» **TASK MATERIAL**
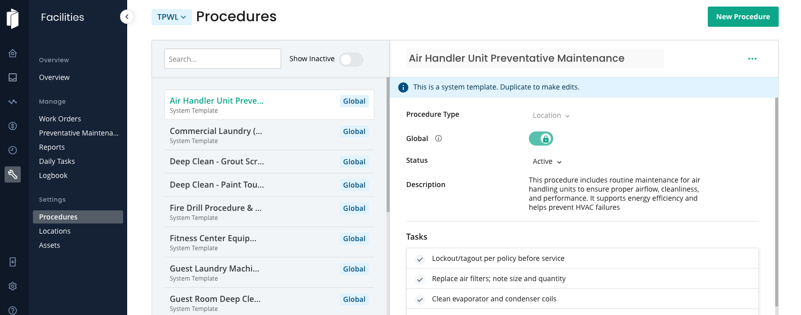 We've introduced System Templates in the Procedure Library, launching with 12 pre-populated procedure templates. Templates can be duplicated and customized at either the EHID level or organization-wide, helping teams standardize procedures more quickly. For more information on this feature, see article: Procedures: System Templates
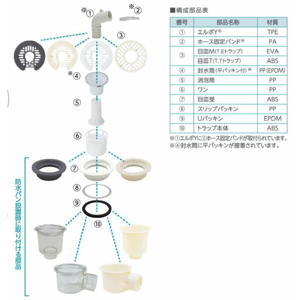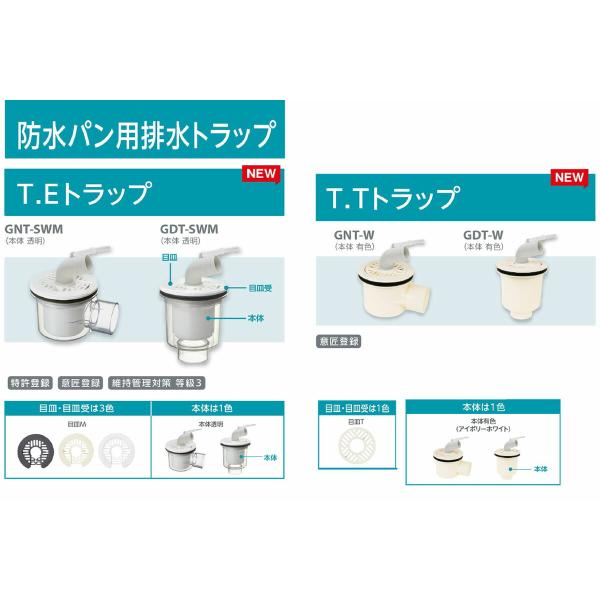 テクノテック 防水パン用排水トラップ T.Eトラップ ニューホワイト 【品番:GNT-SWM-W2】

* * *

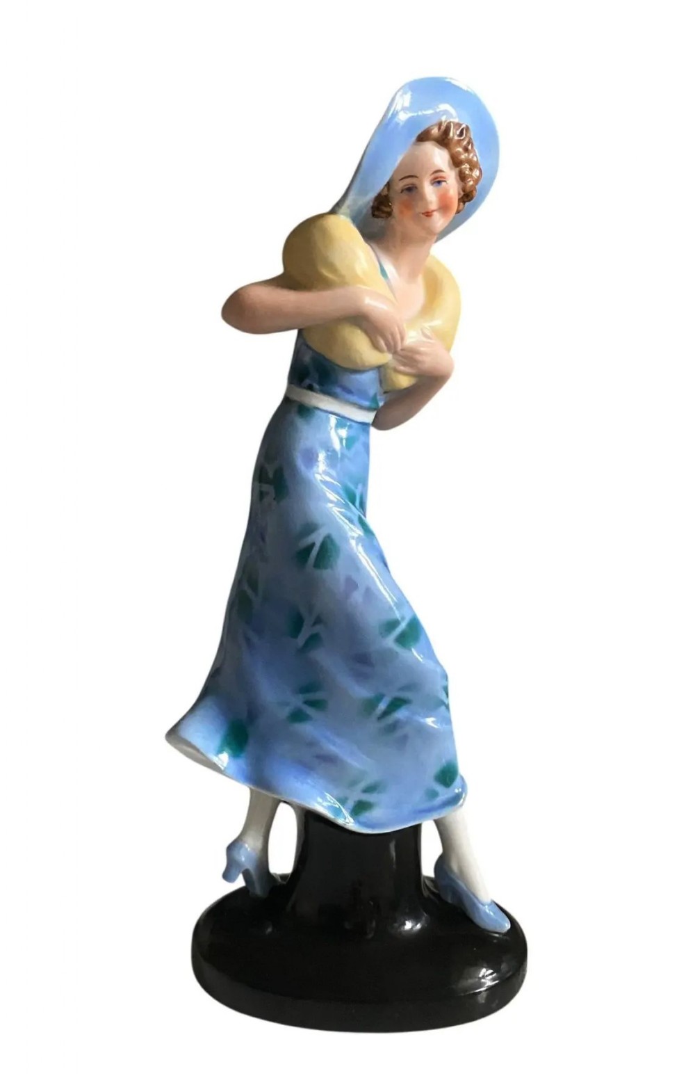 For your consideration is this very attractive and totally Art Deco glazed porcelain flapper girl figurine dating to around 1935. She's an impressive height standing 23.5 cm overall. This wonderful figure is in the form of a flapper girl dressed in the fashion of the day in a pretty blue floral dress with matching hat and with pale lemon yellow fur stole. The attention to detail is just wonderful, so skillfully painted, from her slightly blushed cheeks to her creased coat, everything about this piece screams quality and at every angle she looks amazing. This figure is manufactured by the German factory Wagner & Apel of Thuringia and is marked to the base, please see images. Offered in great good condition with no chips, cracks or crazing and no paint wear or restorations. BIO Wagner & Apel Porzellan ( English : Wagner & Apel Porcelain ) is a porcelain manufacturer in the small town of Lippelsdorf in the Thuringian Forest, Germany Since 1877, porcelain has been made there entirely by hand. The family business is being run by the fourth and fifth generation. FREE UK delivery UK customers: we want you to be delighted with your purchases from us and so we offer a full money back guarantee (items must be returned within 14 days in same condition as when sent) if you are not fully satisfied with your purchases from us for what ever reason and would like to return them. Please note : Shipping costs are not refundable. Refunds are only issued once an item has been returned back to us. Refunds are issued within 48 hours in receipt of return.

--

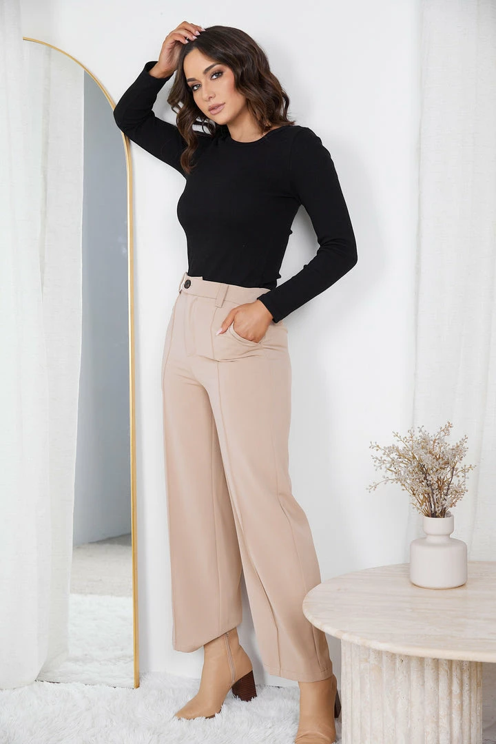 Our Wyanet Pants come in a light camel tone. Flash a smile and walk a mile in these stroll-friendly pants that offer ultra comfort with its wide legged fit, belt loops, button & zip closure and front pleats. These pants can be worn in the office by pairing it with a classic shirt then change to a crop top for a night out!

» **PROBLEM STATEMENT**
For this task, return exactly the stretch of the listing above from the line with "We've introduced System" through the line with "テクノテック 防水パン用排水トラップ T.Eトラップ", inclusive and without pictures.

» **RESPONSE TO THE TASK**
 We've introduced System Templates in the Procedure Library, launching with 12 pre-populated procedure templates. Templates can be duplicated and customized at either the EHID level or organization-wide, helping teams standardize procedures more quickly. For more information on this feature, see article: Procedures: System Templates
 テクノテック 防水パン用排水トラップ T.Eトラップ ニューホワイト 【品番:GNT-SWM-W2】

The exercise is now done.